WORK INSTRUCTIONS:
The expected answer is the set of lines in the data below between the line holding "Zerodeko Fish Tank" and the line holding "При обморожении пальцев, ушных", inclusive, written out exactly.

DATA:
========================================

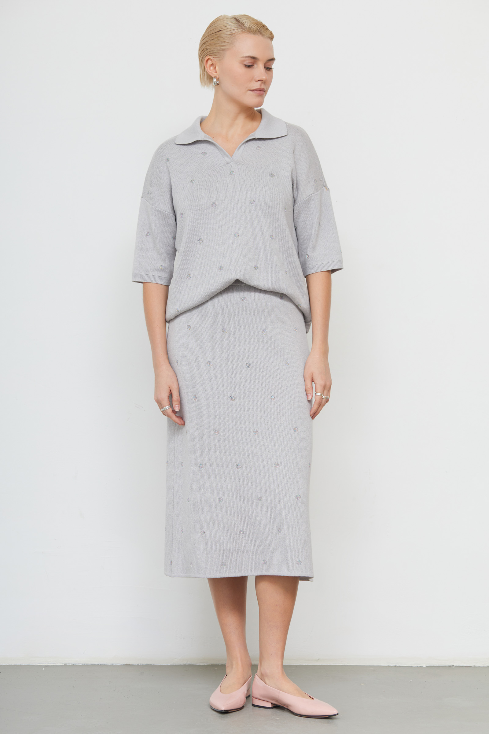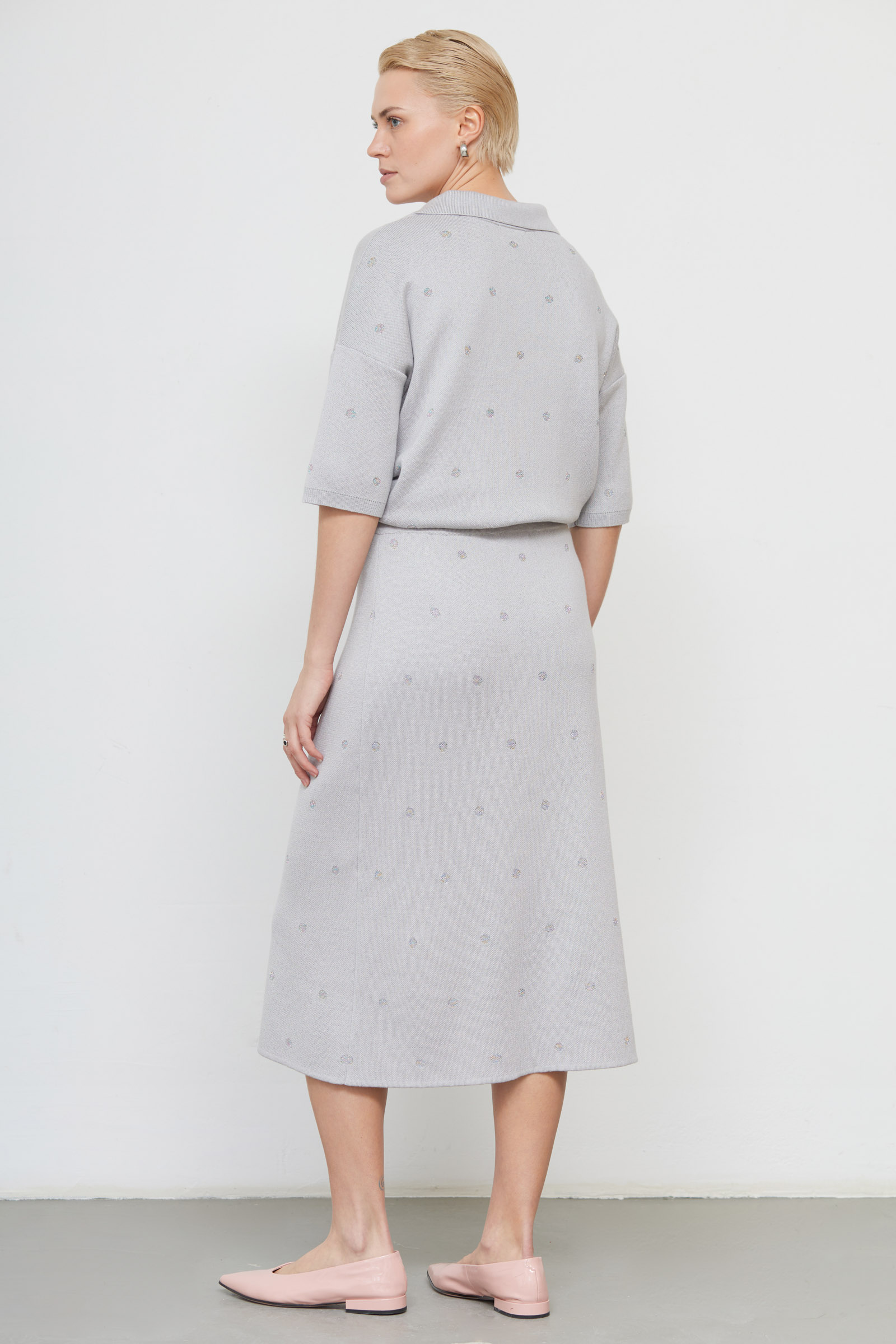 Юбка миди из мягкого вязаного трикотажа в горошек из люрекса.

========================================

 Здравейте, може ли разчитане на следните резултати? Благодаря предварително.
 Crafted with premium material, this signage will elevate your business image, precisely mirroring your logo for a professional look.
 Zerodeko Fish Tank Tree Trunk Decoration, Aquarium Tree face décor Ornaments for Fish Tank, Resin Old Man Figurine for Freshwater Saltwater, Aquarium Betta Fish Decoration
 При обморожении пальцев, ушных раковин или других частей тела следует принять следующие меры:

========================================

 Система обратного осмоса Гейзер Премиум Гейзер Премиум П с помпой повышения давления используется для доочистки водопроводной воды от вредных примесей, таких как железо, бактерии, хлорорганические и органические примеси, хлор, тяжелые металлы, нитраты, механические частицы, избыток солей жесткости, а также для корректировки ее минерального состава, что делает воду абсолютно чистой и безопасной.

========================================

THE ANSWER:
 Zerodeko Fish Tank Tree Trunk Decoration, Aquarium Tree face décor Ornaments for Fish Tank, Resin Old Man Figurine for Freshwater Saltwater, Aquarium Betta Fish Decoration
 При обморожении пальцев, ушных раковин или других частей тела следует принять следующие меры:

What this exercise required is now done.